Ever wonder how a nasal spray can treat a brain hemorrhage?

It may seem that the simple act of walking, running, or talking are anything but extraordinary; however, there is one extraordinary thing at the center of it all and that is your brain. Our brains allow us to move and function on a regular basis, giving us every opportunity to challenge ourselves intellectually and physically.

Keeping in mind (no pun intended) just how important the well-being of our brain is, it might come as a shock that 13 percent of strokes are caused by a brain hemorrhage. In fact, according to the National Stroke Association, 15 percent of all strokes are considered hemorrhagic.

What is a hemorrhagic stroke? To put it simply, a hemorrhagic stroke is caused by a weakened blood vessel in which blood eventually moves into and around the brain. This can cause severe swelling and pressure to the brain, ultimately damaging cells and tissue.

So, what can be done and can this be prevented? Well, according to Loma Linda University’s Dr. John Zhang and his team, the key to healing may be in a nasal spray. That’s right, a nasal spray. Preliminary lab testing suggests that the human protein — osteopontin — could prevent cell death, reduce swelling, and improve brain function in patients suffering from a stroke. This would be a first for brain hemorrhage treatment and steps forward in advancing research with the help of Vision 2020.
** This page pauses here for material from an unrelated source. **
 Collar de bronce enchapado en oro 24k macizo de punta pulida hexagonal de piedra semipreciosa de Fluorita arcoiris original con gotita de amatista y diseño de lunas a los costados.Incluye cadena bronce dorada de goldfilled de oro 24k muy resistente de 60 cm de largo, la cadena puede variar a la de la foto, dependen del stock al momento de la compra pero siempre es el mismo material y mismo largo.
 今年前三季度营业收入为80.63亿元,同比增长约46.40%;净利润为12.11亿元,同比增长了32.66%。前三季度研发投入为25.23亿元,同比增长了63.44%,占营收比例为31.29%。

Through Vision 2020 we are on a quest to help Loma Linda University Health’s researchers in their pursuit of new discoveries and answers to some of life’s complex illnesses. Our vision is to create a healthier tomorrow that benefits the community and impacts the world.

The National Institutes of Health (NIH) recently awarded a $6 million grant to Dr. Zhang and his team with the goal of establishing a Center for Brain Hemorrhage Research. A highly competitive and prestigious grant, this will offer the opportunity for Dr. Zhang to further his research in stroke prevention and treatment.

“By emphasizing research that has the potential to be translated to clinical management, we are pushing stroke research forward,” Zhang says.